Once to get the list of first N messages, it should be pretty easy to get the message ID of the last element in the list. To fetch the next N messages:
- start = last messageID of previous list
- end = null
- reverse = true
- limit = N
And that’s all !
II Traps
And now the traps that you should absolutely avoid if you don’t want to suffer endless hours of debugging 🙂
A The real semantic of composite column key
In the latest version of Cassandra composite column key has been added. What is it ?
Basically instead of having a simple column key (column name) of one type, you can aggregate several values (also called components) of several types to form one unique column key.
Examples: login:location, surname:firstname:age …

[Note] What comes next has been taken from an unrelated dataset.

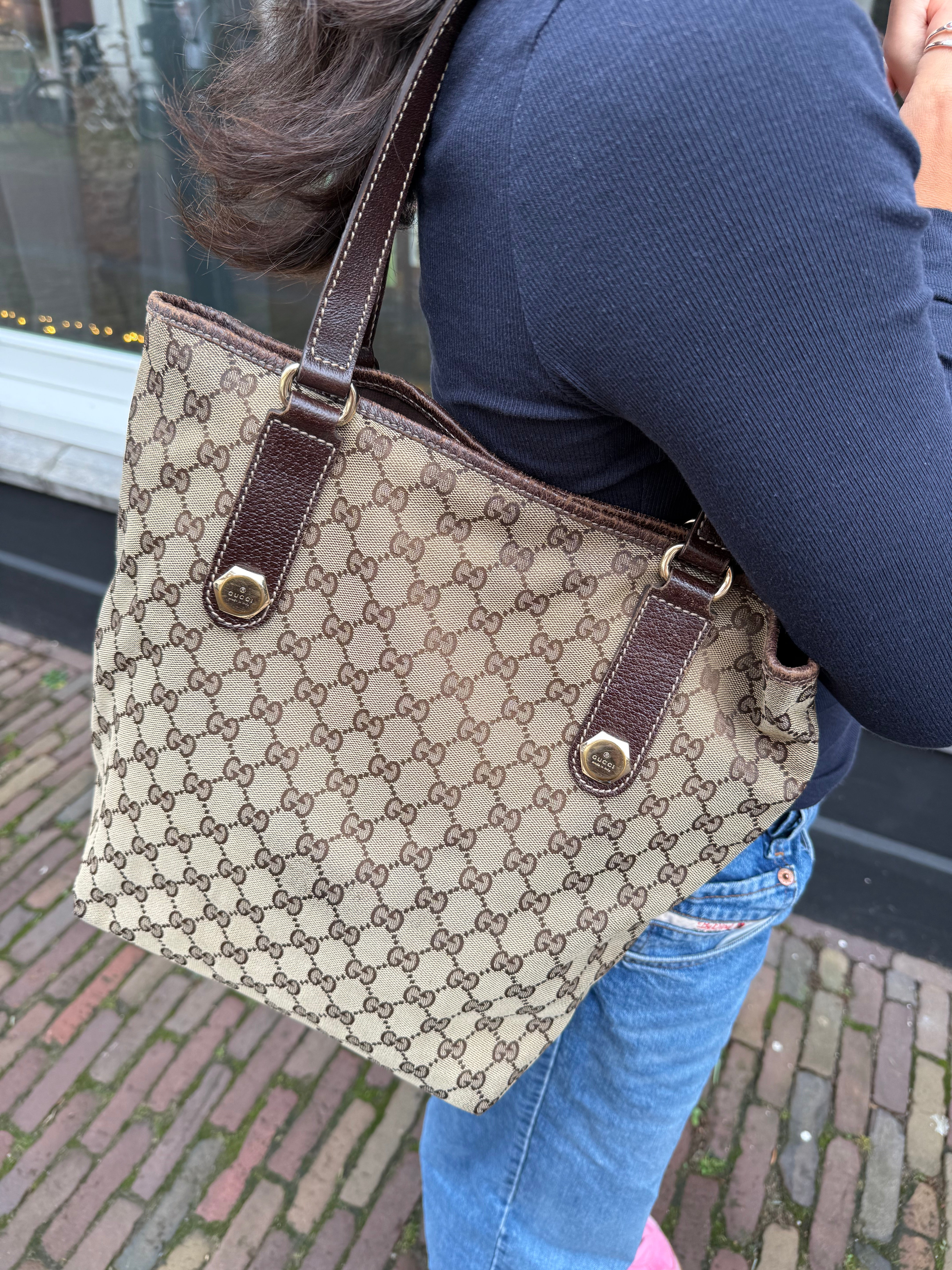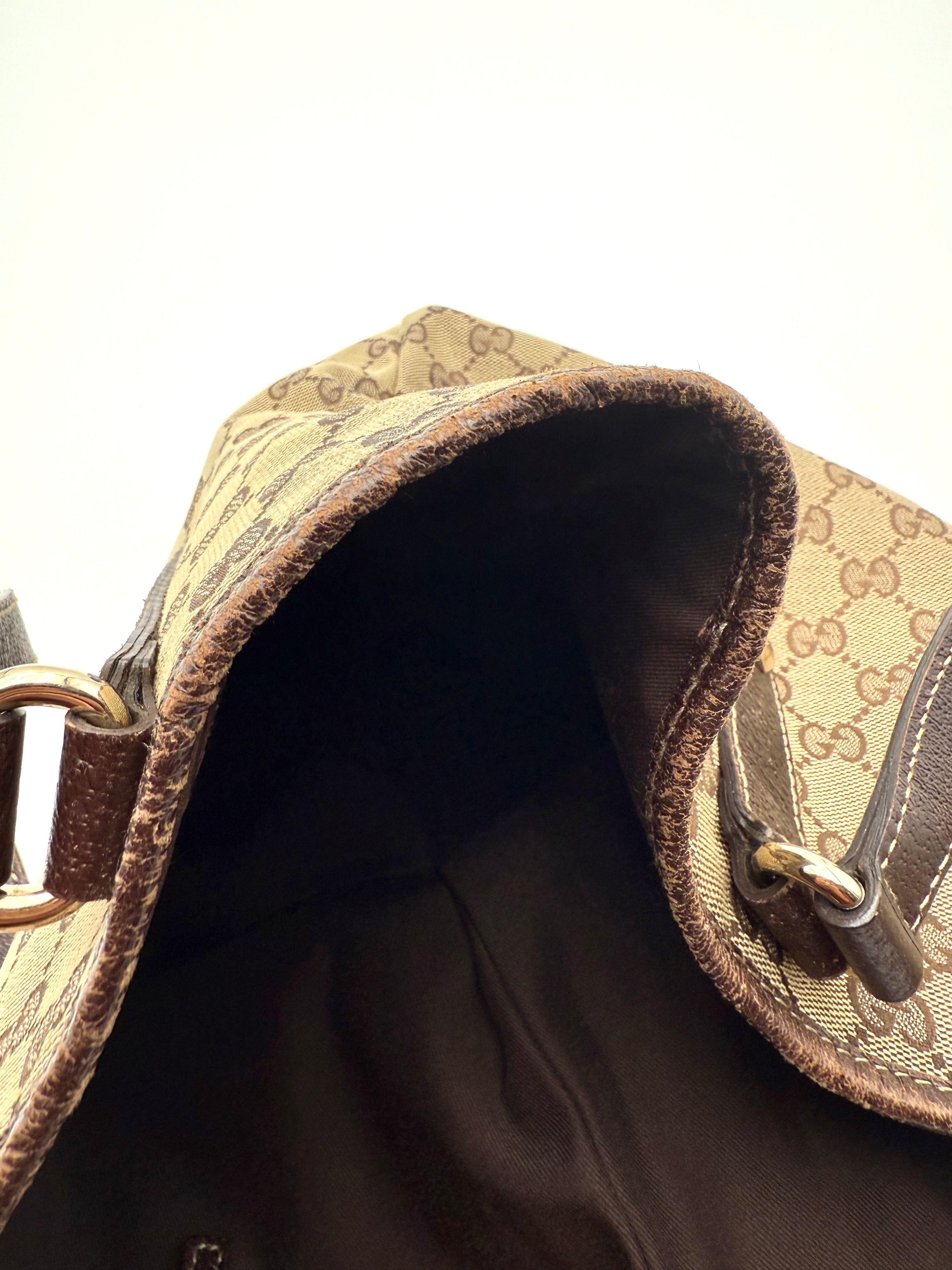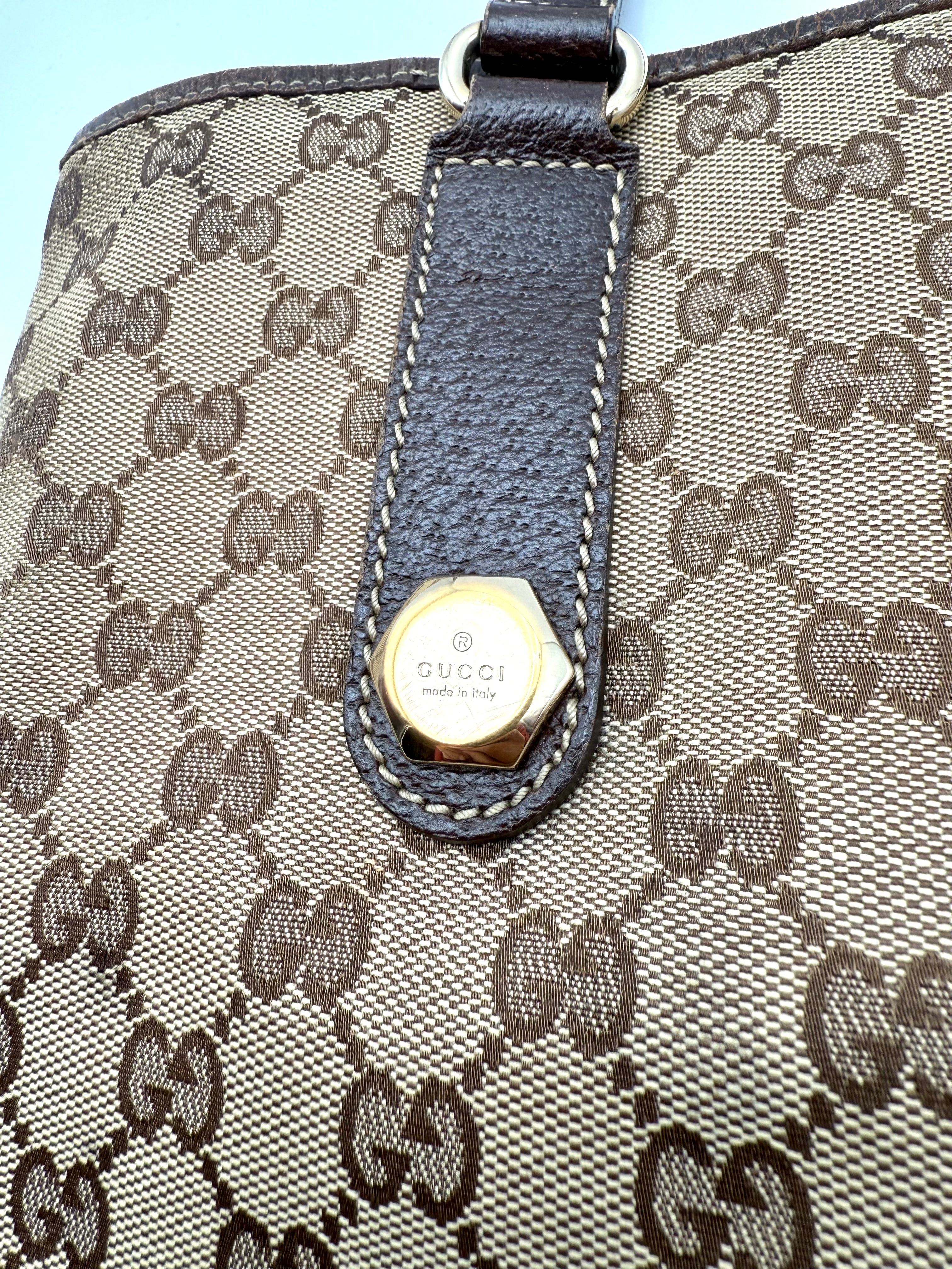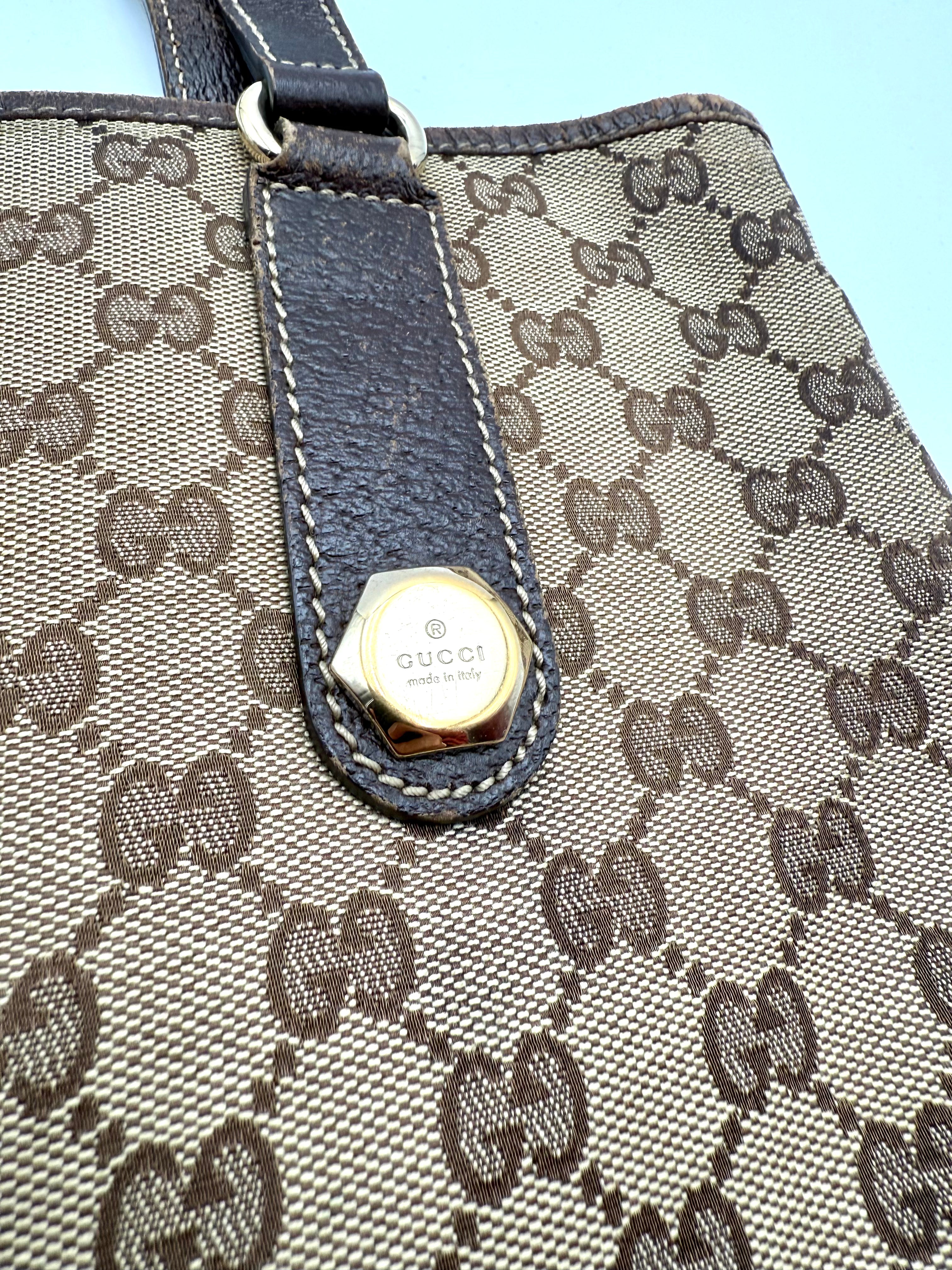 Tweedehands GUCCI canvas bag in een beige met bruine kleur. De tas is van canvas met een leren hengsels en met gouden hardware. De tas beschik over een binnenvak met rits en een klein steekvakje. Het item verkeert in een zeer goede vintage staat, met algemene gebruikssporen. De tas wordt geleverd in onze mooie Moon flower dustbag.

In the earlier days, people used to concatenate their fields a string value with a arbitrary chosen separator to form a kind of composite key. But this approach is rather limited because the sort order is lexicographical (string). It works well when all the component are of string type because concatenating them does not modify the sort order. If the component are of different types, you’re screwed.
Now with the composite type, it is possible to mix components of different types!
Cool right ?
Not really indeed …
Let’s look at a simple example. We have a list of users and want to find them by their login, age or city. Usually we would have to create 3 indexes, one to index the login, one for the age and one for the city. Now the naive developer will create a composite column key as login : age : city.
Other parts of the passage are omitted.